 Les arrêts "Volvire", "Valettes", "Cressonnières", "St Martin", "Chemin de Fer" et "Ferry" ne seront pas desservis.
...
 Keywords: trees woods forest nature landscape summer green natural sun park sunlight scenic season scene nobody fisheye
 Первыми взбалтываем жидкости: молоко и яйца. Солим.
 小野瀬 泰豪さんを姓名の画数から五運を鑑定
==
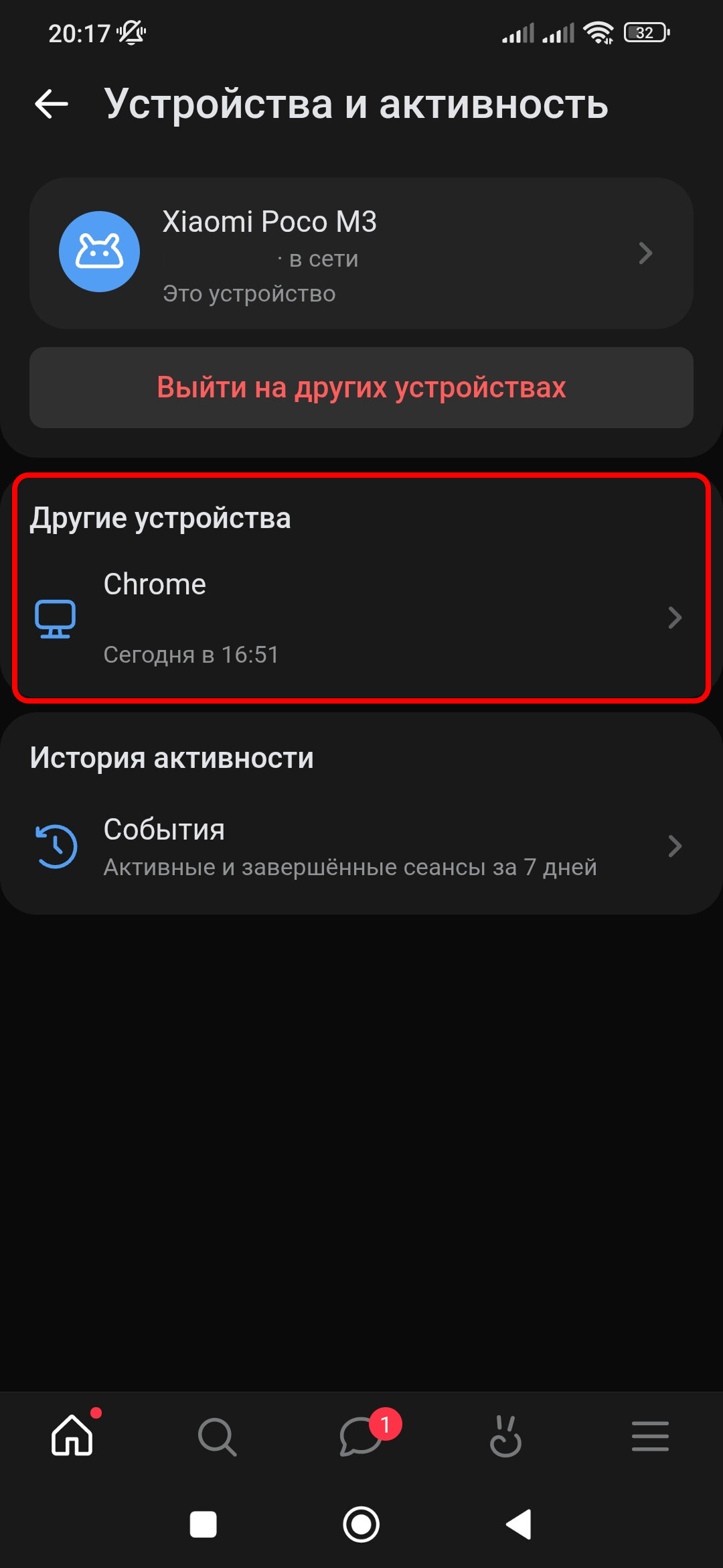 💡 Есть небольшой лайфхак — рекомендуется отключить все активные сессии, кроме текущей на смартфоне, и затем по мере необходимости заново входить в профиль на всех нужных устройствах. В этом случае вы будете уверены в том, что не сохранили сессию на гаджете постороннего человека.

_Task to carry out_.
All lines in the listing above between the line with "Keywords: trees woods" and the line with "小野瀬 泰豪さんを姓名の画数から五運を鑑定", inclusive, should be set down exactly, and no line outside that range.

_Problem solution_.
 Keywords: trees woods forest nature landscape summer green natural sun park sunlight scenic season scene nobody fisheye
 Первыми взбалтываем жидкости: молоко и яйца. Солим.
 小野瀬 泰豪さんを姓名の画数から五運を鑑定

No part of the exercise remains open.